Hours later, after red wine and Heineken, and talking with the Dutchman and Irishman and watching Fanny in my mind, I go to the hostel. Somehow I let the Dutchman talk me into the shortest route home through the curvy streets the guide walked us down, even though I can see the longest route clearly along the river.
I walk, and I walk.
It is quiet and still and warm. The only hint of Autumn anywhere are the oranges on the trees which are everywhere, only just starting to ripen. The only people in the sparse city are street cleaners and security guards. All the windows are dark.
It should only take half an hour to walk to home. After about an hour I realise I am lost and I wished I’d paid more attention to where the guide was going at the beginning on the right, or that I had taken the long route.

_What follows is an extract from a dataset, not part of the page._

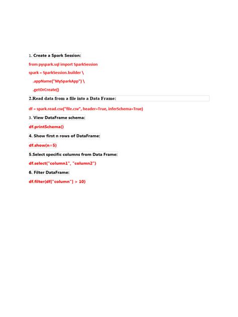 Okay, guys, let’s get our hands dirty with some essential Spark commands . These are the bread and butter commands you’ll use daily, so pay close attention! First up, we have the spark-submit command. This is your go-to command for submitting Spark applications to a cluster. It allows you to specify various parameters such as the application’s main class, JAR files, and configuration options. For example, you can use spark-submit to deploy your application to a YARN cluster or run it in local mode for testing. Next, the spark-shell command is super handy for interactive data exploration and prototyping. It launches a Scala REPL (Read-Evaluate-Print Loop) where you can execute Spark commands in real-time. This is perfect for quickly testing out ideas and exploring your data without having to write a full-fledged application. Then, there’s the pyspark command, which is the Python equivalent of spark-shell . It provides a Python REPL where you can use the PySpark API to interact with Spark. This is great for Python developers who want to leverage Spark’s capabilities. Another essential command is spark-sql , which allows you to execute SQL queries against Spark DataFrames. This is particularly useful if you’re familiar with SQL and want to use it to analyze your data. Spark SQL provides a familiar interface for querying structured data, making it easy to extract insights. Also, you’ll want to know about the SparkContext. It is the entry point to any Spark functionality. When you start a Spark application, the first thing you need to do is create a SparkContext object, which represents the connection to a Spark cluster. Through the SparkContext, you can create RDDs, DataFrames, and perform various data processing operations. Understanding these core commands will set you on the right path to mastering Spark!

It is about then that I remember something I learnt from a friend in Sydney, who made delicious marmalade every year from his abundant back yard lime tree: the best way to love a citrus tree is to piss on it once a day.
Eventually, I unbuckle my belt and rip open the button fly and bless one trunk in a shadowy square without breaking the night’s silence. Relieved, I recompose myself and start walking again. It takes another half-hour before I arrive at my building from the opposite side to what I should have. I have walked around the city without understanding how.
As I walk inside the door I trip over shoes someone left the parquetry floor. One person startles.
I work for an hour in bed on the Basel photos before publishing them. By then it is after four o’clock and I close my eyes and think of the soft French doctor from Geneva with the kind eyes.
What a lovely cast of characters! You really should warn the reader, however, how many "parts" there will be...Part 1...Part 2...of how many?